Carlos Cruz-Diez, the revered Venezuelan-born artist whose multilayered, eye-popping works challenged conventional notions of perception, color, and light, helping to define what became known as Kinetic Art and Op Art, died in Paris on Saturday at the age of 95. The news was confirmed in a post on his official website.

Cruz-Diez rose to international prominence in 1965 when he had work in the foundational exhibition “The Responsive Eye,” curated by William Seitz at the Museum of Modern Art in New York. The exhibition created a media frenzy at the time, as general-interest publications marveled at the dizzying and perspective-challenging effects of the abstract art on view.

The exhibition mostly included American and European artists, including Julian Stanczak, Victor Vasarely, Josef Albers, Larry Bell, Ellsworth Kelly, Robert Irwin, Agnes Martin, Bridget Riley, and Frank Stella, among many other well-known names.

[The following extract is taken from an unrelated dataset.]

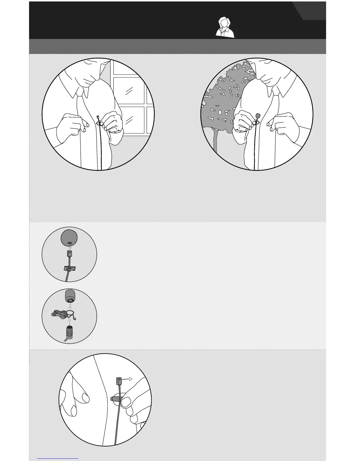 윈드스크린 및 타이 클립을 알맞은 위치에 끼

Cruz-Diez, whose 1964 Physichromie Number 116, made of plastic strips painted with tempera on cardboard, was his only work in the show, was among a small contingent of Latin American artists who had relocated to France and Germany included in the show.

Many art critics at the time disparaged the exhibition. Writing in ARTnews, Thomas B. Hess deemed it a “a mishmash” that “lumps together at least six totally different kinds of painting and sculpture.” Hess especially took issue with the “Hard-Core Op—shapes that provoke strong, often violent, ‘retinal’ illusions, such as after-images, sensations of motion, of blinking, pinging, popping, glowing. . . . Like the T.V. viewer, the Op audience passively participates, conditioned into giving up critical faculties, or at least suspending disbelief. Peripatetic zombies. The threshold of interest is very low; almost anything can be amusing.”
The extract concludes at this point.